# Best midlands based detailer?



## kindai (Feb 8, 2016)

I'm looking to get my paint corrected and protected in the near future, but most detailers around my neck seem too nervous to touch the GTR's paint or unwilling to risk damaging it. Those who are, after quick searches online are not people id trust with the car if im honest.

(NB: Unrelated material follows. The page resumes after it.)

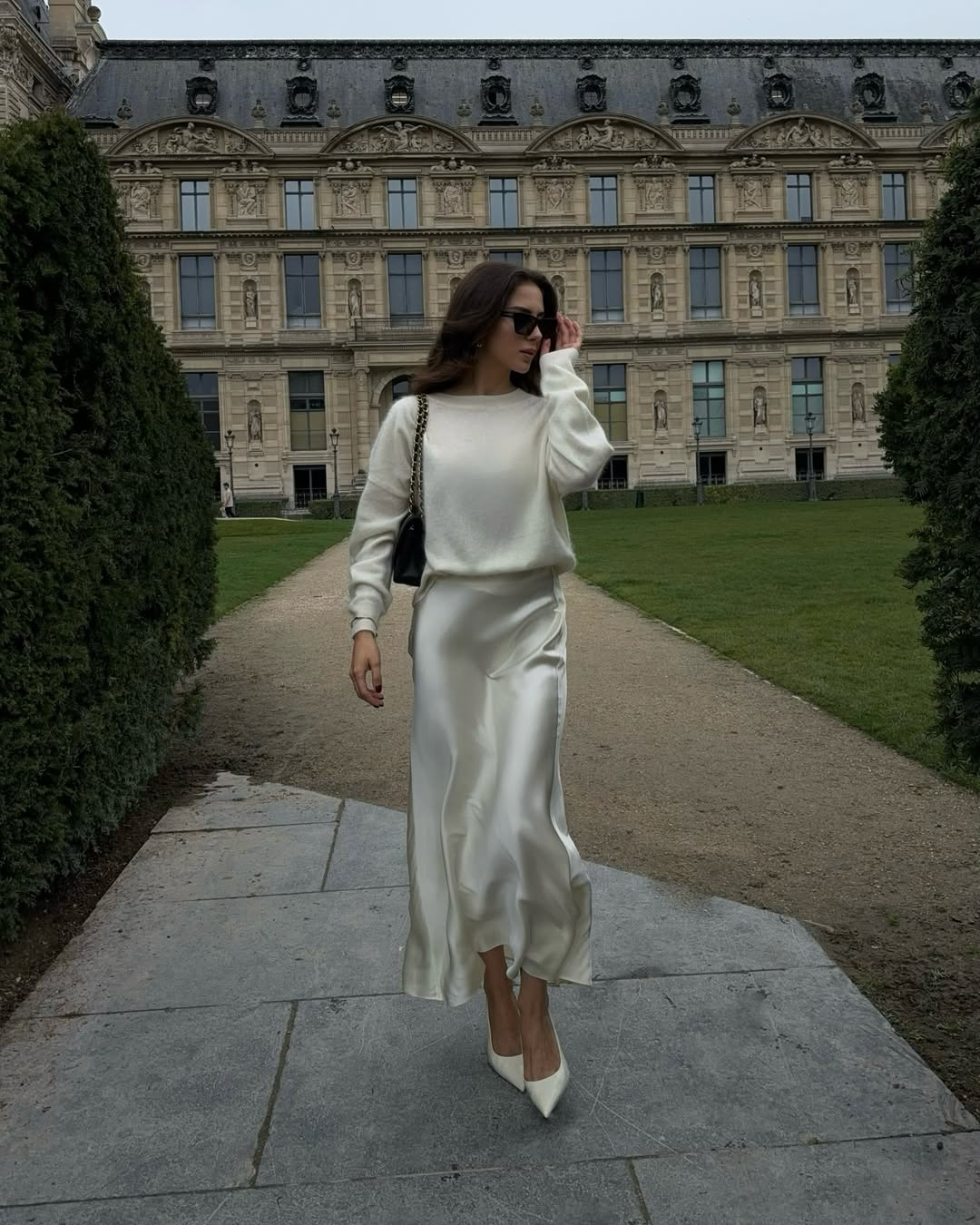 5. Cashmere sweater + midi skirt + Pointed-toe Heels

I'm looking for some recommendations for a midlands based company who has solid examples of work they have done on GTR's to bring mine back to new. Obviously I am willing to travel for an assessment and cost.

Thankyou!


----------



## evogeof (Aug 3, 2014)

kindai said:


> I'm looking to get my paint corrected and protected in the near future, but most detailers around my neck seem too nervous to touch the GTR's paint or unwilling to risk damaging it. Those who are, after quick searches online are not people id trust with the car if im honest.
> 
> I'm looking for some recommendations for a midlands based company who has solid examples of work they have done on GTR's to bring mine back to new. Obviously I am willing to travel for an assessment and cost.
> 
> Thankyou!


my detailers in Worcester with a massive reputation. i won't use anyone else https://www.facebook.com/ultimateauto.eu/


----------



## Mick E (Sep 7, 2014)

I have used this company for my R32 and was well pleased with the results. He just did an R35 last week. Highly recommended, his name is Steve Smith and is located at Swadlincote

https://www.facebook.com/OfficialA2D/


----------



## evogeof (Aug 3, 2014)

kindai said:


> I'm looking to get my paint corrected and protected in the near future, but most detailers around my neck seem too nervous to touch the GTR's paint or unwilling to risk damaging it. Those who are, after quick searches online are not people id trust with the car if im honest.
> 
> I'm looking for some recommendations for a midlands based company who has solid examples of work they have done on GTR's to bring mine back to new. Obviously I am willing to travel for an assessment and cost.
> 
> Thankyou!


i believe i missed you by 10 minuets?? after picking up my wife range rover from being detailed and ceramic coated.


----------



## DeanoGtr (Oct 29, 2014)

PW Pro


----------



## Tin (Aug 15, 2010)

Have you asked Midlands Car Care?


----------



## evogeof (Aug 3, 2014)

Tin said:


> Have you asked Midlands Car Care?


:chuckle::chuckle::chuckle::chuckle:


----------



## Tin (Aug 15, 2010)

evogeof said:


> :chuckle::chuckle::chuckle::chuckle:


 they are a real company midlandscarcare

Daz also put up a thread in this section from a chap he used, fiske automotive


----------



## evogeof (Aug 3, 2014)

Tin said:


> they are a real company midlandscarcare
> 
> Daz also put up a thread in this section from a chap he used, fiske automotive


Yes mate each to there own.


----------



## pwpro (Jun 6, 2009)

kindai said:


> I'm looking to get my paint corrected and protected in the near future, but most detailers around my neck seem too nervous to touch the GTR's paint or unwilling to risk damaging it. Those who are, after quick searches online are not people id trust with the car if im honest.
> 
> I'm looking for some recommendations for a midlands based company who has solid examples of work they have done on GTR's to bring mine back to new. Obviously I am willing to travel for an assessment and cost.
> 
> Thankyou!


whereabouts are you based fella ? 

we are just top side of Nottingham and would be very happy to complete the work for you 

plenty of examples of our work in this area of the forum - PW PRO - GT-R Register - Nissan Skyline and GTR Owners Club forum

we have worked on well over a hundred GTR's so have plenty of experience 

paul


----------



## dippa (Mar 8, 2007)

DONT WASTE YOUR TIME WITH MIDLAND CAR CARE 

Made an appointment to see him couldn't be arsed to turn up or answer his phone or text or reply to messages left to him clearly doesn't want any work and likes to waste genuine peoples time. However good came of it as a lad who left from there has set up his own and i managed to use him and he has done two cars for me now and a great job !!!

Have you found one yet ?


----------



## kindai (Feb 8, 2016)

pwpro said:


> whereabouts are you based fella ?
> 
> we are just top side of Nottingham and would be very happy to complete the work for you
> 
> ...


Bromsgrove, so you aren't too far away depending on the traffic...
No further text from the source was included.